Efforts are moving forward to toughen the penalties for businesses that cheat New Jersey workers out of their full salaries and benefits, or punishing them if they complain.

During hearings on the proposed changes in the Assembly Labor Committee last Thursday and the State Senate Budget and Appropriations Committee on Monday, concerns were raised about cracking down on firms that may have unknowingly withheld wages because of an accounting mistake.

Existing law calls for a $100 fine for the first nonpayment of wages, but proposed legislation would increase the penalty to $500 to $1,000, or up to three months in jail.

Sal Risalvato, executive director of the New Jersey Gasoline, C-Store and Automotive Association, a group that represents gas station and convenience store owners, said that’s unacceptable because there is no distinction made “between those that cheat their employees and those that make errors and unknowingly may have cheated their employees.”

He pointed out in the businesses he represents, the owner is the one who handles the bookkeeping and everything else, so he’s a one-man band.

"It would be wrong to punish that business owner the same as a business owner that makes a calculation to cheat employees," he said.
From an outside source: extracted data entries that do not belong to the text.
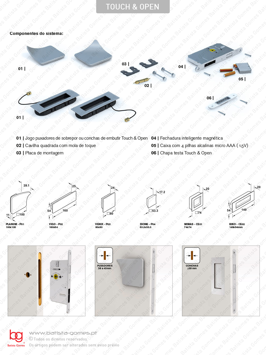 O SISTEMA TOUCH & OPEN ALTERA O CONCEITO DA FORMA COMO SE ABRE UMA PORTA O sistema Touch & Open significa que a fechadura desbloqueia através de um simples toque no puxador. Fecha pela acção magnética do trinco. Touch & Open é uma solução impressionante, táctil e funcional, para os que preferem um design minimalista. Os puxadores de sobrepor ou de embutir, caracterizam-se pelas suas formas geométricas. Não contêm componentes móveis ou mecânicos. Vantagens e Benefícios: • A rotação normal do puxador da porta deixa de ser necessária, funciona com toque no puxador • Não necessita de chave • O puxador pode ser substituído por outro da coleção Touch & Open • Instalação rápida • Trinco magnético. Não bate no aro • Chapa testa minimalista com caixa de embutir • Não desgasta nem exige manutenção; funcionamento suave sem necessidade de lubrificação adicional. • Facilidade de utilização. A funcionalidade táctil não exige qualquer reconhecimento digital do utilizador. • Promove uma simbiose perfeita entre a funcionalidade e o design minimalista, em espaços habitacionais ou de serviços. Fácil utilização, inclusive para crianças, idosos e pessoas com capacidade de manipulação reduzida O sistema é fornecido com: • 1 fechadura magnética com tecnologia Touch & Open de embutir com material de fixação • 1 chapa testa plana com caixa de embutir e contacto magnético • 1 quadra com mola de contacto Touch & Open (versão puxador) • 1 alojamento de bateria com 4 pilhas AAA • 1 jogo de puxadores ou conchas de embutir Touch & Open Para mais informações consultar .PDF abaixo
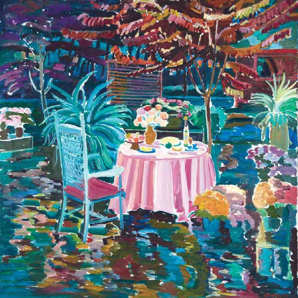 Pink Table and Purple Plum Trees
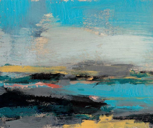Teal Sunset I White Modern Wood Framed Art Print with Double Matting by Goldberger, Jennifer

When asked what should be done to tweak the legislation to fix it, he said “we want consideration taken for any employer that unknowingly makes a mistake and cheats an employee, particularly if the mistake is corrected."

He stressed penalties for first-time offenses should remain as they are, at $100.

Risalvato said “there is no honest business that would condone another business stealing the wages or cheating employees" because they would gain an unfair advantage over competition.

Both the Assembly and State Senate versions of the bills were released by their respective committees, but several lawmakers in both chambers expressed concerns about the severity of first-time punishments.

Senate Budget and Appropriations Committee Chairman Paul Sarlo, D-Bergen, indicated that several amendments were being crafted, including one that would cover first offenses, but he would not elaborate.